> [What is expected]: Write the listing out again exactly as it stands, with no images.

> [Data]:
#####

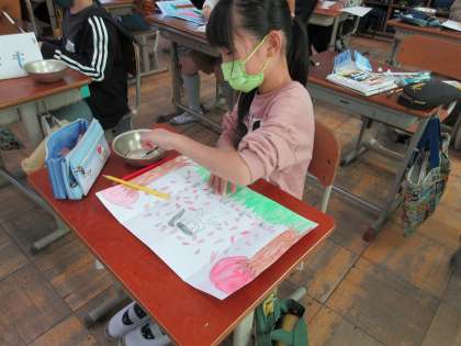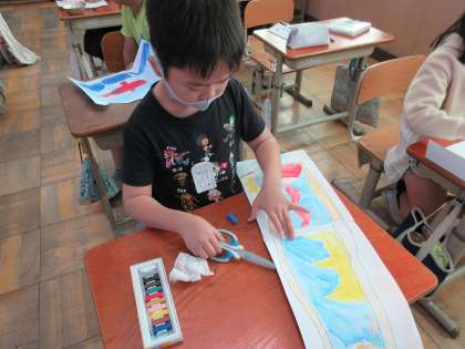 図画工作科の学習では,「ひらいてひろがるふじぎなせかい」に取り組んでいます。
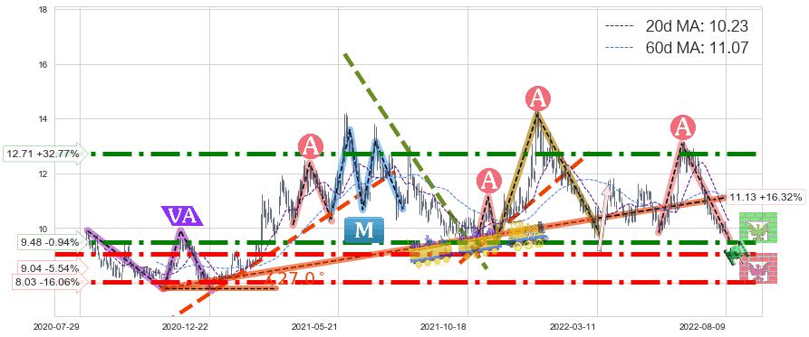 ♘ 阻力价格位12.71,可信任强度97.11%,距离最后交易2022-08-12形成的收盘价格9.57相差 +32.77%
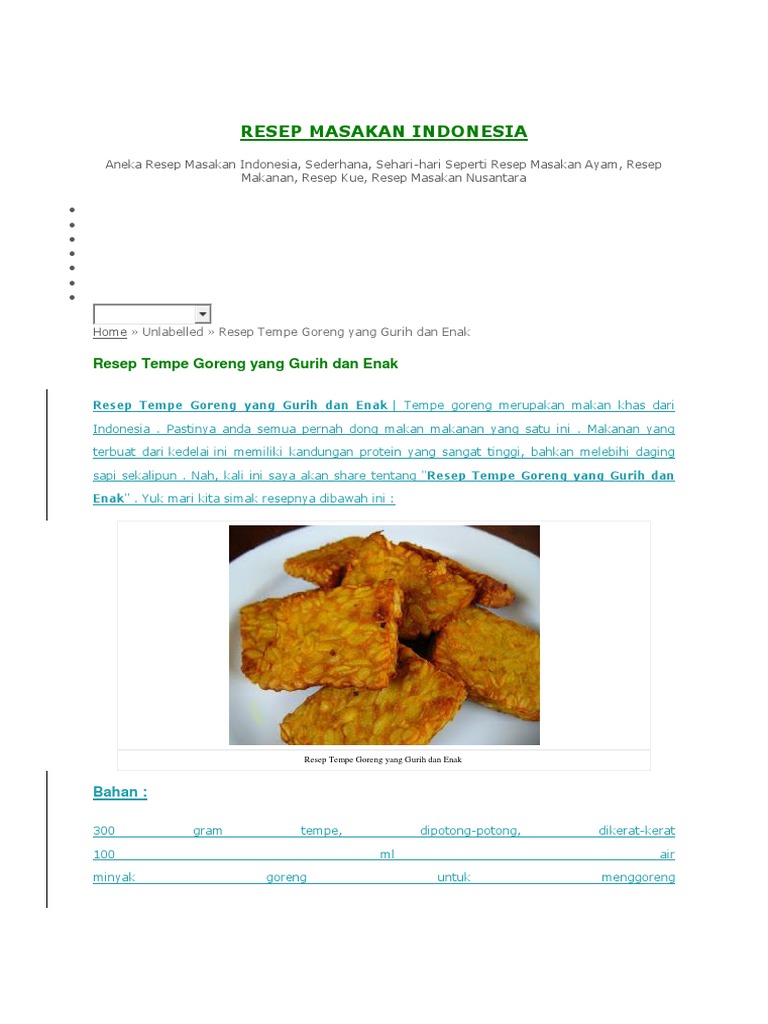 Resep Masakan Telor Tahu Tempe Pdf Document
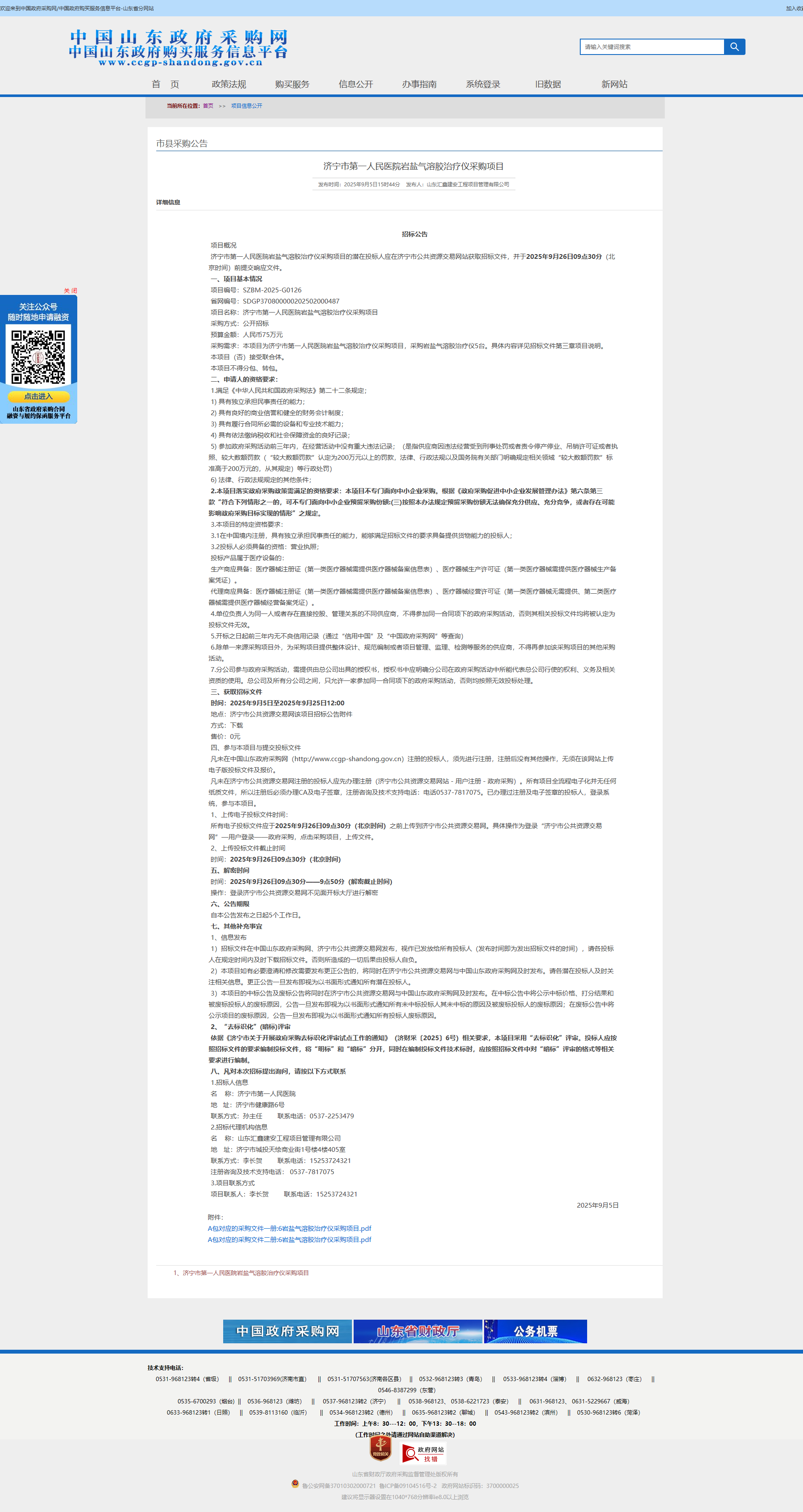 济宁市第一人民医院岩盐气溶胶治疗仪采购项目招标公告

#####

> [Task output]:
 図画工作科の学習では,「ひらいてひろがるふじぎなせかい」に取り組んでいます。
 ♘ 阻力价格位12.71,可信任强度97.11%,距离最后交易2022-08-12形成的收盘价格9.57相差 +32.77%
 Resep Masakan Telor Tahu Tempe Pdf Document
 济宁市第一人民医院岩盐气溶胶治疗仪采购项目招标公告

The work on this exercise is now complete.